The second plea of Tittle was bad, because it alleges no consideration to the defendant for accepting, and does not state affirmatively how there was no consideration, and does not negative the idea that there was some benefit or advantage to *586the drawer of the bill of exchange, at whose request it was accepted. 1 Chitty Plead. 517, note i.

The plaintiff replied to Tittle’s fourth plea; and Tittle demurred to the replication. His demurrer was properly overruled. The judgment on this demurrer did not give Tittle leave to rejoin, nor did he ask it; and there was no rejoinder, but judgment was taken nil dicit on the replication unanswered ; and, as the defendant had pleaded the general issue, a trial was had on this before the court, and the finding and judgment were for the plaintiff. A motion for new trial was made, and overruled; but no bill of exceptions was signed, and the case is before us on writ of error. Numerous grounds of error have been assigned; but, while all have been fully considered, very few need be specially mentioned. What has been said disposes of all questions as to the sufficiency of pleadings.

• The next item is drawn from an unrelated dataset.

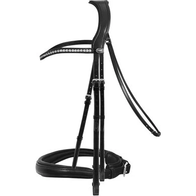 Het nieuwe Altlas dubbele hoofdstel van Passier is bijzonder paardvriendelijk en verlicht de druk met een anatomisch gevormde en zacht gevoerde hoofdband en een anatomisch gevormde, zachte neusriem. De elegante, gebogen frontriem met sprankelende Swarovski Elements in Clear Crystal zorgt voor een bijzonder aantrekkelijke look. Dit stang & trens hoofdstel wordt standaard geleverd met 2 glad leren teugels waarvan de trens teugel aan de binnenkant is voorzien van fijn stroef rubber.

It is assigned for error that, on sustaining the plaintiff’s demurrer to Howell’s second plea, amended after one demurrer sustained to it, the judgment should have been respondeat ouster. This is not correct. Code, § 618. Another ground of error is, that, on overruling' the defendant’s demurrer to the replication to his fourth plea, the judgment should have been respondeat ouster. Not so. It should have been nil dieit, if the defendant did not obtain leave, and rejoin.

A demurrer to a declaration overruled is followed by judgment quod recuperet, unless the “ defendant make oath that he hath a good and substantial defence,” and obtain leave to plead. Code, § 612. A demurrer to a replication is followed, when overruled, by judgment final as to that issue, unless the defendant asks and obtains leave to plead, and pleads over. Another complaint is, that, on overruling the plaintiff’s demurrer to the defendant Tittle’s fourth plea, the court did not give judgment nil capiat against the plaintiff, but gave him leave to reply to the plea. In such case, the judgment is not required to be respondeat ouster; but it is not error to grant leave to the plaintiff to reply. Hardin v. Pelan, 41 Miss. 112.

It is said that, because the demurrer was held not well taken as to one of several pleas, it should have been overruled, although some of the pleas were bad. Undoubtedly, one good *587plea to tbe whole action, is as complete a bar as a dozen pleas; and if, on demurrer to several pleas, one is held good as to the whole cause of action, it will entitle the defendant to judgment against the plaintiff nil capiat, if the plaintiff shall not obtain leave, and reply to such plea; but no reason is perceived why a demurrer to several pleas, some good and some bad, should not be sustained as to the bad, and overruled as to the good. This practice has prevailed in our courts, and has been sanctioned elsewhere, and meets our approval. Gearhart v. Olmstead, 7 Dana (Ky.), 441.

We do not perceive any error in the record for which the judgment should be reversed, and it is Affirmed.